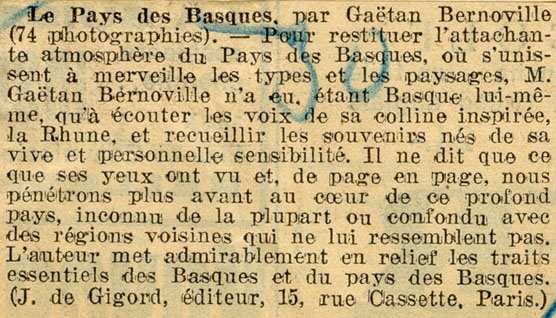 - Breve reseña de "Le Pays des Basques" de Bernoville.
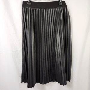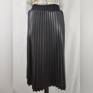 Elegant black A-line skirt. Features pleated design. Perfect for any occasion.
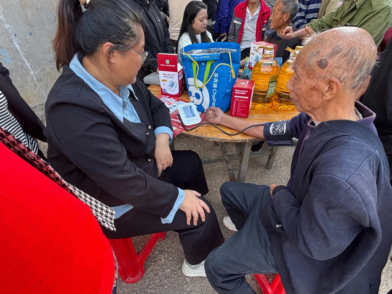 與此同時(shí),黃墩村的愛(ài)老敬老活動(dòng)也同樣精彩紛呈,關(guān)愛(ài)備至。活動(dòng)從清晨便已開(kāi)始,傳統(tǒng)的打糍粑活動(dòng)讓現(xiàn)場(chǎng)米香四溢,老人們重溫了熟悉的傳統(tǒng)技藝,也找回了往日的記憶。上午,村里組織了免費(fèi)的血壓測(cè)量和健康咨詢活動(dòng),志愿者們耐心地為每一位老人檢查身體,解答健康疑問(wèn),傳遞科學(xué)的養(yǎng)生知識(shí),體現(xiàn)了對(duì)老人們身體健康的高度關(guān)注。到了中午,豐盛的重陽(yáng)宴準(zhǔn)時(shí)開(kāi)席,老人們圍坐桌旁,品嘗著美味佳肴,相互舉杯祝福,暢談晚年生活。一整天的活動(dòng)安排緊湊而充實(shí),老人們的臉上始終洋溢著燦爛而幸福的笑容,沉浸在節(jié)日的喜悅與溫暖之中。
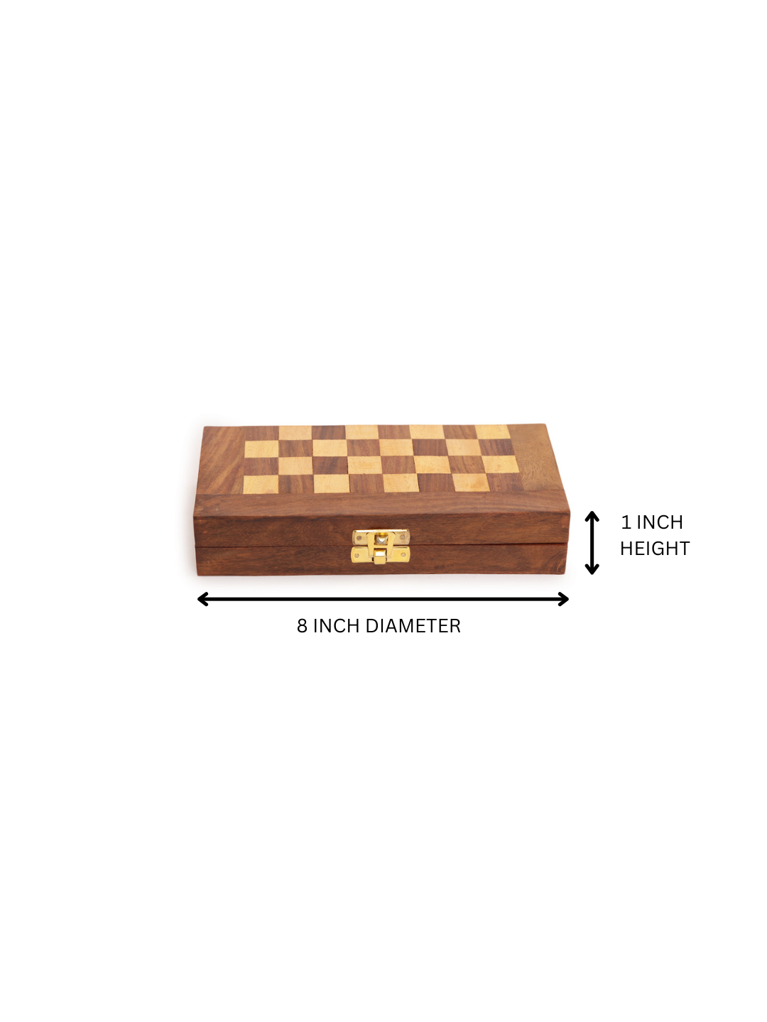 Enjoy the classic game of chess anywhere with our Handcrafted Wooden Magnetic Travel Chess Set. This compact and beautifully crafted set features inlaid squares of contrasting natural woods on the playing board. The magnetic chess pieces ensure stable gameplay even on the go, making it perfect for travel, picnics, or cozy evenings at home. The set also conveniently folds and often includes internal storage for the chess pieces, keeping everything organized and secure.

########################################

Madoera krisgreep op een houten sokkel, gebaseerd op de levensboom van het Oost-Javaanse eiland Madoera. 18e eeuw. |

########################################

**WHAT THE EXERCISE ASKS**
Without the pictures, give again exactly the lines above starting at the line containing "- Breve reseña" and ending at the line containing "與此同時(shí),黃墩村的".

**RESULT FOR THIS EXERCISE**
 - Breve reseña de "Le Pays des Basques" de Bernoville.
 Elegant black A-line skirt. Features pleated design. Perfect for any occasion.
 與此同時(shí),黃墩村的愛(ài)老敬老活動(dòng)也同樣精彩紛呈,關(guān)愛(ài)備至。活動(dòng)從清晨便已開(kāi)始,傳統(tǒng)的打糍粑活動(dòng)讓現(xiàn)場(chǎng)米香四溢,老人們重溫了熟悉的傳統(tǒng)技藝,也找回了往日的記憶。上午,村里組織了免費(fèi)的血壓測(cè)量和健康咨詢活動(dòng),志愿者們耐心地為每一位老人檢查身體,解答健康疑問(wèn),傳遞科學(xué)的養(yǎng)生知識(shí),體現(xiàn)了對(duì)老人們身體健康的高度關(guān)注。到了中午,豐盛的重陽(yáng)宴準(zhǔn)時(shí)開(kāi)席,老人們圍坐桌旁,品嘗著美味佳肴,相互舉杯祝福,暢談晚年生活。一整天的活動(dòng)安排緊湊而充實(shí),老人們的臉上始終洋溢著燦爛而幸福的笑容,沉浸在節(jié)日的喜悅與溫暖之中。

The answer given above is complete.